Really? Maybe I should start signing up for these guarantees.


----------



## Brian-drives (Jan 13, 2015)

How much $$?
You don't have to be exact .
Just a ballpark number . 
I would like to start driving again, but at 95 cents , don't know if it's worth it.


----------



## Raquel (Jan 9, 2015)

Tim In Cleveland said:


> Wow, shocked at the paycheck I'm getting on Thursday! I actually got paid a lot in guarantees (and I'm the first to disbelieve in them).


Great news..!!!


----------



## caspiy257 (Aug 19, 2014)

How long is "guarantee" will continue?


----------



## Sweet Ping (Jan 20, 2015)

Try not to spend it too quickly 
Those guarantees won't last


----------



## caspiy257 (Aug 19, 2014)

One more question: is "guarantee" offered to new drivers, who enrolled after lowering prices?


----------



## Superunknown (Nov 15, 2014)

Good for you, Tim from the Land of Cleve!

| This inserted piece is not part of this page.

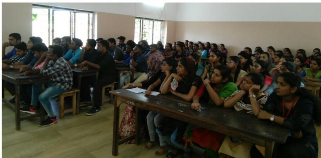
PHOTO EXHIBITION ON STOBILANTHES KUNTHIANUS AND ASSOCIATED SPECIES BY THE DEPARTMENT OF BOTANY
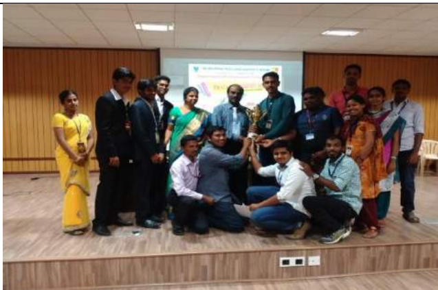
Inter Collegiate Meet @ IT

To the rest of you I say enjoy these guarantees while they last, as seeing how Uber is paying through the nose for these guarantee subsidies I would be very surprised if they last past Jan 31st. Just my prediction.


----------



## bradley8795 (Jan 2, 2015)

caspiy257 said:


> One more question: is "guarantee" offered to new drivers, who enrolled after lowering prices?


Yes they are, I drive in another area but changed my area for the guarantees. I doubt with the rate reduction that it will help though.


----------